▶ [RECORD EXCERPTS]:
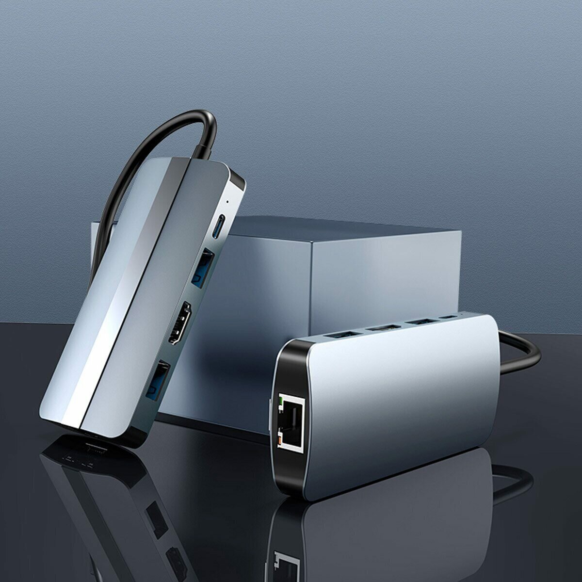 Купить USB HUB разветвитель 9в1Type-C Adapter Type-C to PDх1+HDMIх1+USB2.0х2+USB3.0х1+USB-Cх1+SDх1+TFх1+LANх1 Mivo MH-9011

* * *

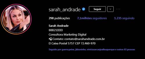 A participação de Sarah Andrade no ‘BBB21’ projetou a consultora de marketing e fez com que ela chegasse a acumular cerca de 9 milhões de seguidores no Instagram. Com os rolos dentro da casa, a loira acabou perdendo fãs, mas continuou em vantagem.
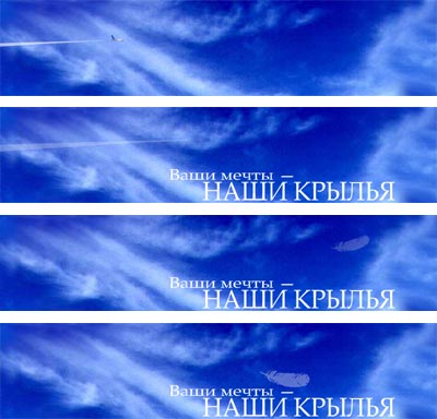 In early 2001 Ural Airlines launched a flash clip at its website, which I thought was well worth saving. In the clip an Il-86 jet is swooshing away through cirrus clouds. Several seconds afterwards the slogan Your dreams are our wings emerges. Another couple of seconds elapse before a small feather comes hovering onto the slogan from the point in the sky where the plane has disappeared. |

▶ [WHAT YOU SHOULD DO]:
Your answer is the exact run of lines above from the one with "A participação de" through the one with "In early 2001", both ends included, minus any picture.

▶ [ANSWER BOX]:
 A participação de Sarah Andrade no ‘BBB21’ projetou a consultora de marketing e fez com que ela chegasse a acumular cerca de 9 milhões de seguidores no Instagram. Com os rolos dentro da casa, a loira acabou perdendo fãs, mas continuou em vantagem.
 In early 2001 Ural Airlines launched a flash clip at its website, which I thought was well worth saving. In the clip an Il-86 jet is swooshing away through cirrus clouds. Several seconds afterwards the slogan Your dreams are our wings emerges. Another couple of seconds elapse before a small feather comes hovering onto the slogan from the point in the sky where the plane has disappeared. |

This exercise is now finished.